А  Б  В  Г  Д  Е  Ж  З  И  Й  К  Л  М  Н  О  П  Р  С  Т  У  Ф  Х  Ц  Ч  Ш  Щ  Э  Ю  Я  AZ

 


Несколько дней спустя открылась Государственная Дума, и Милюков в исторической речи заклеймил Штюрмера, как изменника, тогда как Пуришкевич, который был два года тому назад ультрареакционером, приглашал министров в страстной речи броситься на колени перед императором, сказать ему, что дело так дальше итти не может, умолять его освободить Россию от Распутина и от всех темных влияний, которые предают ее.
В письме, написанном мною в министерство иностранных дел, от 16 ноября, я говорил:
"Собрание в день открытия нашего нового Англо-Русского Общества, состоявшееся на последней неделе, имело большой успех, и моя речь встретила очень хороший прием как здесь, так и в Москве. Вчера в Думе Великобританию особенно горячо приветствовали аплодисментами, и, как заметил кто-то, это был "английский день". В это утро, когда мы обсуждали вопрос об опубликовании нашего соглашения относительно Константинополя, Штюрмер сказал Палеологу, не получившему никаких инструкций по этому вопросу: "Вы видели, какой горячей овации удостоился ваш британский коллега вчера в Думе. Это случилось, вероятно, благодаря тому, что члены Думы слышали, что правительство его величества согласно на передачу России Константинополя". Не могу объяснить, почему он заявил это, когда он знает очень хорошо, что причиной сочувственной нам демонстрации было то обстоятельство, что мы подвергаемся нападкам со стороны германофильской партии.
Когда Палеолог и я собирались уходить, то Штюрмер попросил меня остаться. Сказав мне, что он предполагает возбудить судебное дело против Милюкова за речь, в которой последний обвинял его в измене, он обратил мое внимание на следующие два места в этой речи:
..."Чтоб выяснить все пути и средства германской пропаганды, о которой недавно так откровенно говорил сэр Дж. Бьюкенен, нам необходимо произвести законченное расследование"...
..."Вот почему я не удивился, когда услышал от британского посла серьезное обвинение против известной группы людей, желающих подготовить почву для заключения сепаратного мира".

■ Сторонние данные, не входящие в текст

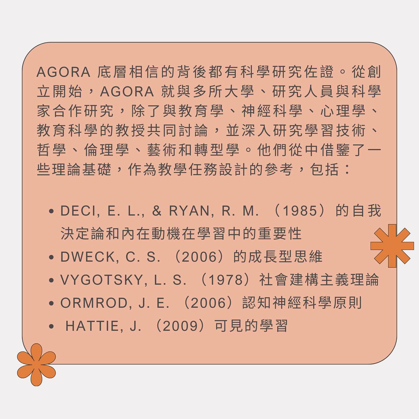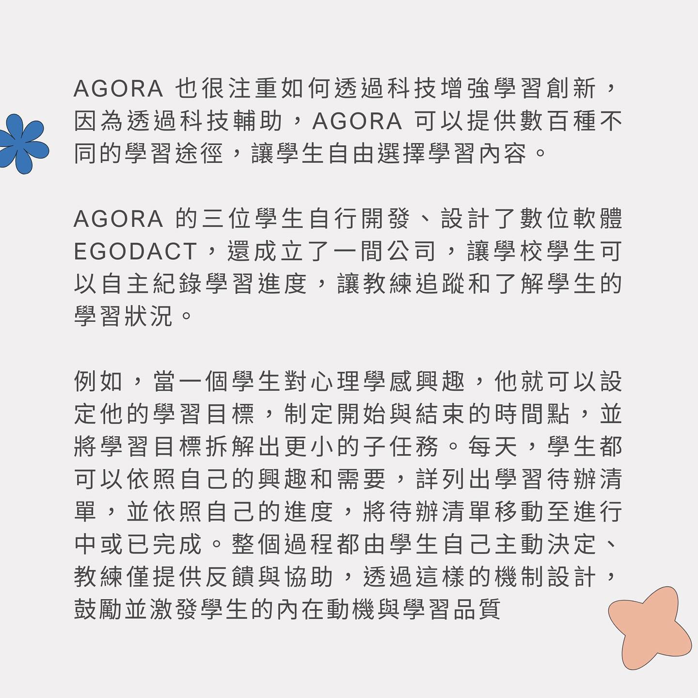 在Agora,我們相信所謂的成功是『對社會的貢獻』而不是學業成就,也就是『共同成功和讓彼此幸福的使命』,成功不是個人的功勞,所以成功的人有責任給予其他人實現成功的機會。
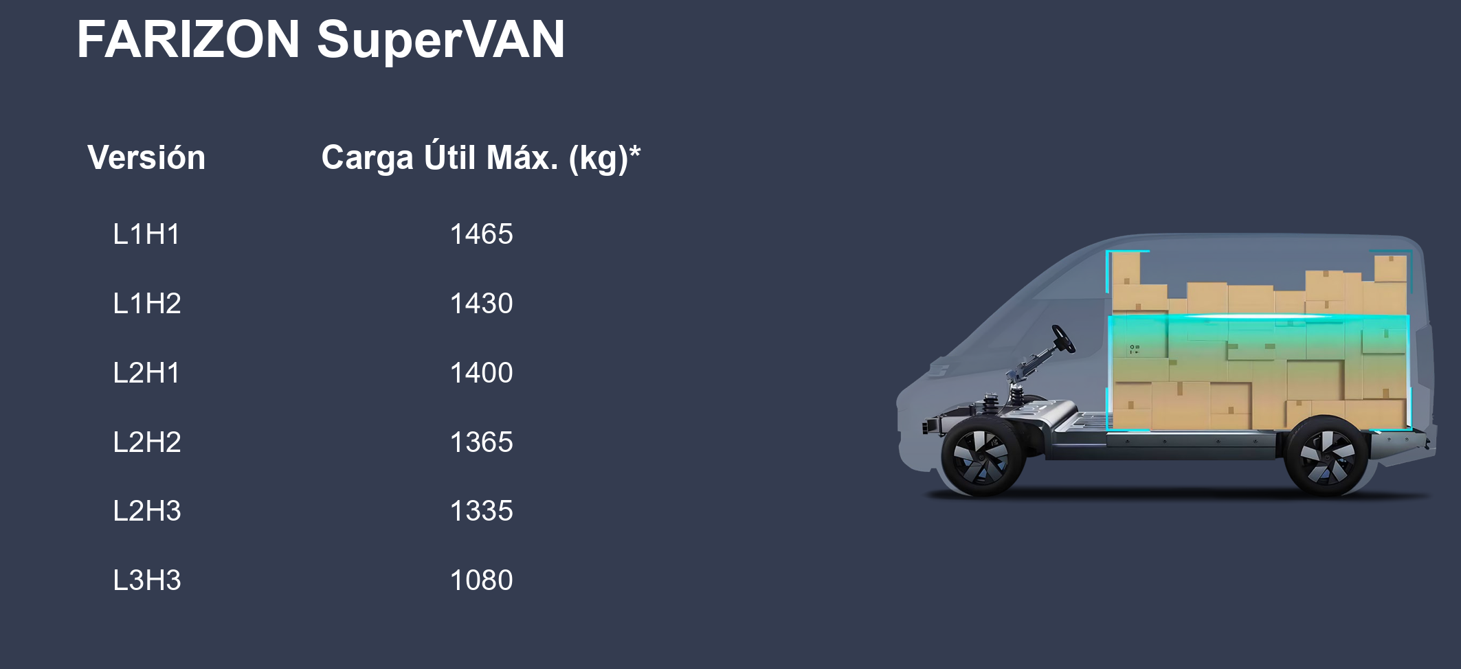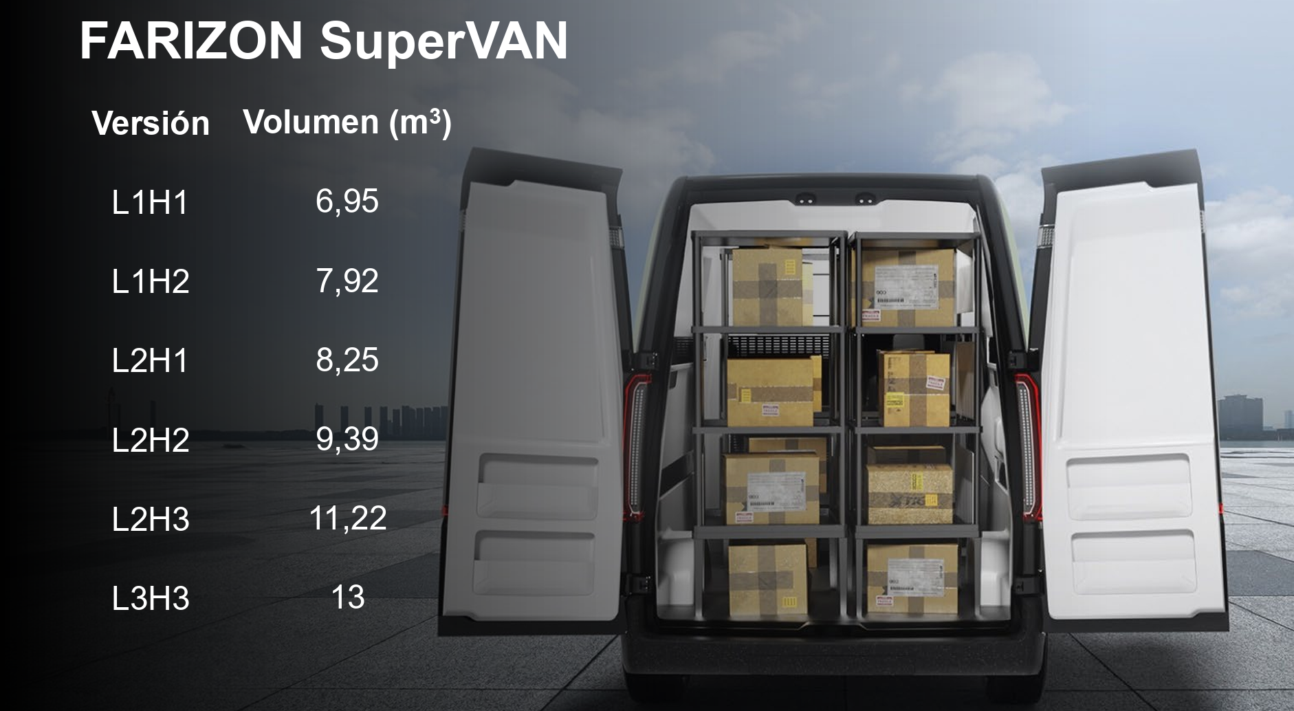 - Existen tres distancias entre ejes, dos alturas de carrocería y cuatro capacidades de baterías para equipar el Farizon Supervan. Por ello el volumen útil de la bodega de carga va desde los 6,95 m3 del modelo más compacto hasta los 13 m3 de volumen útil en el modelo de techo alto y mayor distancia entre ejes. La carga útil se mueve entre los 1.080 y los 1.465 kilogramos. Siempre en una furgoneta eléctrica cero emisiones de hasta 4.250 Kilogramos MMA que se puede conducir con la licencia B de turismo.

Он спросил затем, сказал ли это Милюков с моего разрешения, так как иначе ему не было бы надобности называть меня. Я возразил, что я не разговаривал с Милюковым со времени своей речи, но что я не могу быть в претензии за его ссылки на мои слова, сказанные на собрании, на котором он присутствовал. Я должен был ответить в этой речи на нападки, которым подвергается моя страна, и я лишь дословно воспроизвел то, что говорилось о Великобритании как в Петрограде, так и в Москве. Штюрмер заявил, будто он не читал моей речи, и спросил, какие лица являются лидерами антибританской кампании. Когда я ответил, что именно это я и стараюсь установить, он попросил меня поставить его в известность, если я узнаю что-нибудь об этом...

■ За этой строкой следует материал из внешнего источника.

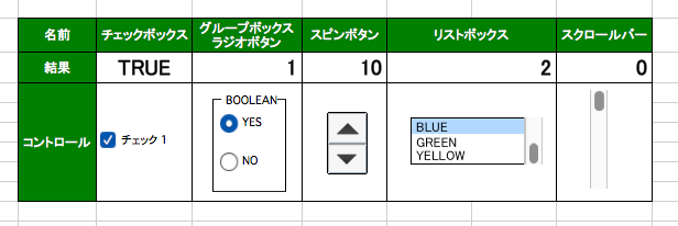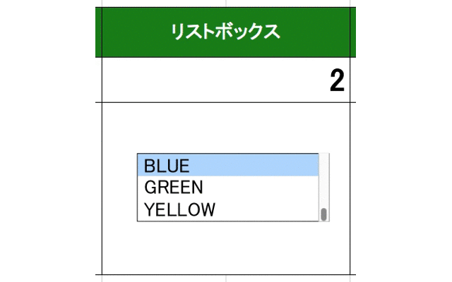 リストボックスは参照先のセルにリストで選択されている選択肢の順番を書き込みます。Mac版では少し動きがカクカクします。
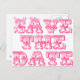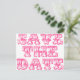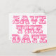 Police vintage magnifique en rose avec le message "Save The Date" remplissant tout l'espace sur le devant de la carte. Design élégant et original, il conviendra à un thème traditionnel ainsi qu'à un thème moderne et décalé. Autres couleurs disponibles dans mon magasin sous la section "Slogan".
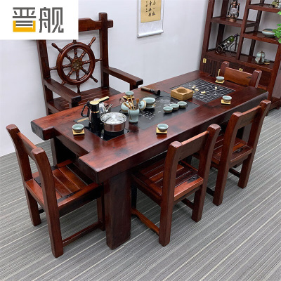 晋舰 茶台老船木茶桌椅组合中式家具功夫小茶几茶艺茶具套装一体2.0米
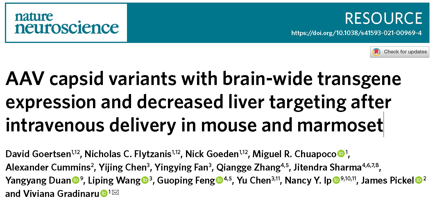 Nat Neurosci. | 新型AAV血清型,静脉到脑,一针注射,全脑表达,肝脏低靶向性!

Если произойдут волнения, то, как мне передают, армия откажется сражаться. Если волнения возникнут, то они будут вызваны скорее экономическими, чем политическими причинами, и начнут их не рабочие на фабриках, но толпы, стоящие на морозе в очередях у продовольственных лавок".

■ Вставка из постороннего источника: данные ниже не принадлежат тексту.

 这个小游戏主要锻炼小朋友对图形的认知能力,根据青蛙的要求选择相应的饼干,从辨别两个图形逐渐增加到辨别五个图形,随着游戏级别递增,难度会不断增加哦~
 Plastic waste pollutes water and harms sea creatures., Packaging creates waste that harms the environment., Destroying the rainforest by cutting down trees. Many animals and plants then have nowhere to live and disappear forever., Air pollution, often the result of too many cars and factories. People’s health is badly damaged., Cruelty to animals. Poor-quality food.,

Штюрмер пал прежде, чем началась буря, которую он вызвал. В течение короткого пребывания императора у императрицы Марии Федоровны в Киеве последняя говорила с ним столь серьезно относительно политического положения, что по возвращении в ставку в конце ноября его величество решил расстаться со Штюрмером. Императрица Александра Федоровна, по настоянию которой Штюрмер был приглашен, пыталась спасти его, но безуспешно. Ей удалось, однако, предотвратить сколько-нибудь радикальную перемену политики. Ее величеством, к несчастью, владела мысль о том, что ее призвание заключается в спасении России. Она думала, что самодержавие есть единственный режим, который может обеспечить единство империи. Она знала, что император был слаб, и потому она внушала ему твердость. Она неоднократно повторяла ему, что он должен быть самодержцем не только по имени, но и на деле. Желая помочь ему и хоть отчасти облегчить ему бремя двойной роли самодержца и верховного главнокомандующего, она приняла активное участие в управлении страной и, защищая политику "напролом", была искренно убеждена, что действует в интересах России. Она находилась до такой степени под властью мысли о недопустимости какого бы то ни было ослабления самодержавия, что противилась всяким уступкам, советуя в то же время императору считаться при выборе своих министров в большей степени с их политическими убеждениями, нежели с их деловыми способностями.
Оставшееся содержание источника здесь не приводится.